Sources say administration waiting until after general elections and coalition negotiations to release long-awaited proposal

Tamar Pileggi is a breaking news editor at The Times of Israel.

US President Donald Trump's senior adviser and son-in-law Jared Kushner, right, meets with Prime Minister Benjamin Netanyahu at the Prime Minister’s Office in Jerusalem, on June 22, 2018. (Matty Stern/US Embassy Jerusalem/Flash90)
US President Donald Trump's senior adviser and son-in-law Jared Kushner, right, meets with Prime Minister Benjamin Netanyahu at the Prime Minister’s Office in Jerusalem, on June 22, 2018. (Matty Stern/US Embassy Jerusalem/Flash90)

US President Donald Trump’s Mideast peace plan will be unveiled by mid-June, White House sources told Channel 13 news on Monday, though an exact date has yet to be set.

The date will depend on a number of factors, including the outcome of Israel’s general elections, and the next prime minister’s progress in forming a governing coalition, the report said.

It said the White House was also taking into account national holidays, and Jewish and Muslim religious festivals, in choosing a date.

Earlier on Monday, Blue and White party chief Benny Gantz said that if he wins Tuesday’s election, he expects the Trump administration to delay the release of its peace plan until after he forms a government.

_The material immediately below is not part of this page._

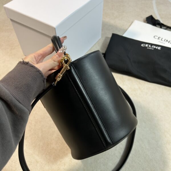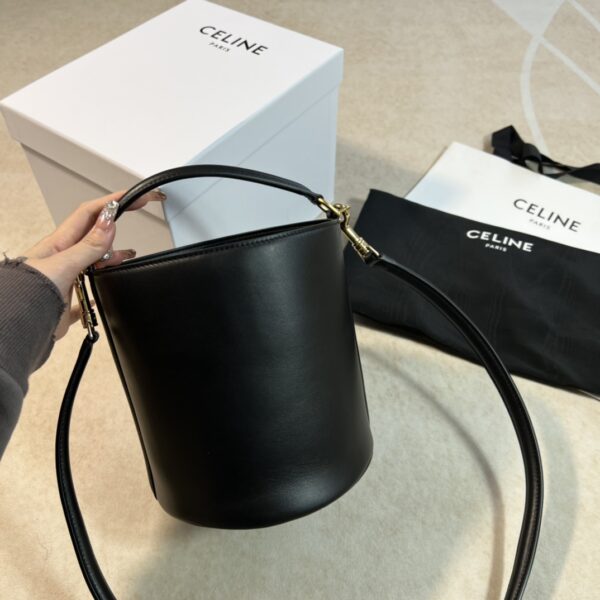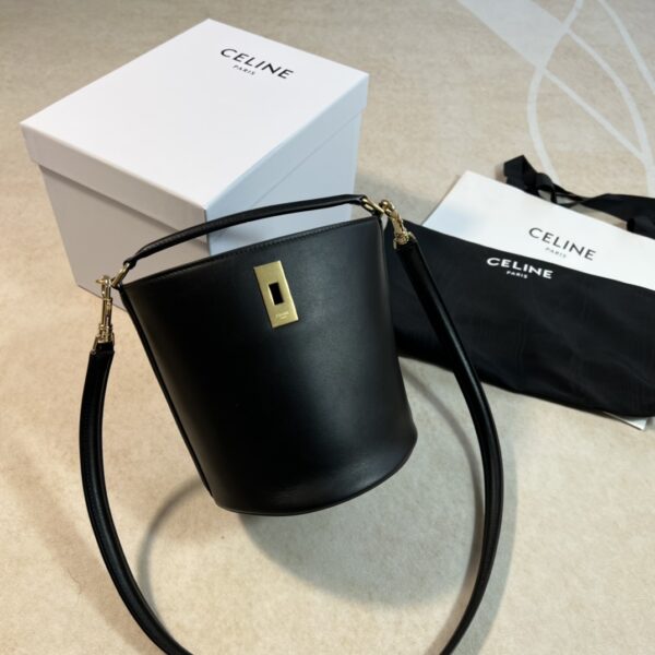셀린느의 미니 물통백은 고급스러운 평纹 소가죽으로 제작되어 내구성이 뛰어납니다.
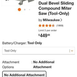 For Sale A Lightly Used Milwaukee M18 FUEL 18V Lithium-Ion Brushless Cordless 7-1/4 in Dual Bevel Sliding Compound Miter Saw Tool-only Model 2733-20 $340Long Beach, CA

“I expect the American administration to see that I won the election, and to hold off with their plans until I can form a government,” Gantz told the Walla news site in an interview. “After that, we can sit down and discuss the plan in an organized and orderly way.”

He promised to seriously consider whatever the US proposed for the region, and said he hoped the White House had not already given Prime Minister Benjamin Netanyahu details of the plan that has been in the works for two years.

Washington had promised to unveil its long-promised proposal sometime after Tuesday’s election, in which Netanyahu is seeking a fifth term.

Netanyahu, running for re-election while facing the possibility of indictment on corruption charges, has cited his close relationship with Trump to underline his experience as a statesman with personal ties to world leaders.

In the run-up to Tuesday’s vote, the prime minister has hosted US Secretary of State Mike Pompeo, visited Trump in the White House, and received both American recognition of Israeli sovereignty over the Golan Heights and, on Monday, a US designation of Iran’s Revolutionary Guard Corps as a terror organization.

Last week, Netanyahu said he had informed Trump that not “even one person” would be evicted from a settlement under any US peace plan. At the weekend, he said he would gradually apply Israeli sovereignty at all West Bank settlements, and hoped to be able to do so with US support.

On Saturday, Trump struck a cautious tone about the outcome of Tuesday’s vote, saying the “close” race for the premiership was between “two good people.”

The latest polls place Netanyahu and Gantz neck-and-neck, but give the former the advantage in his ability to form a coalition government.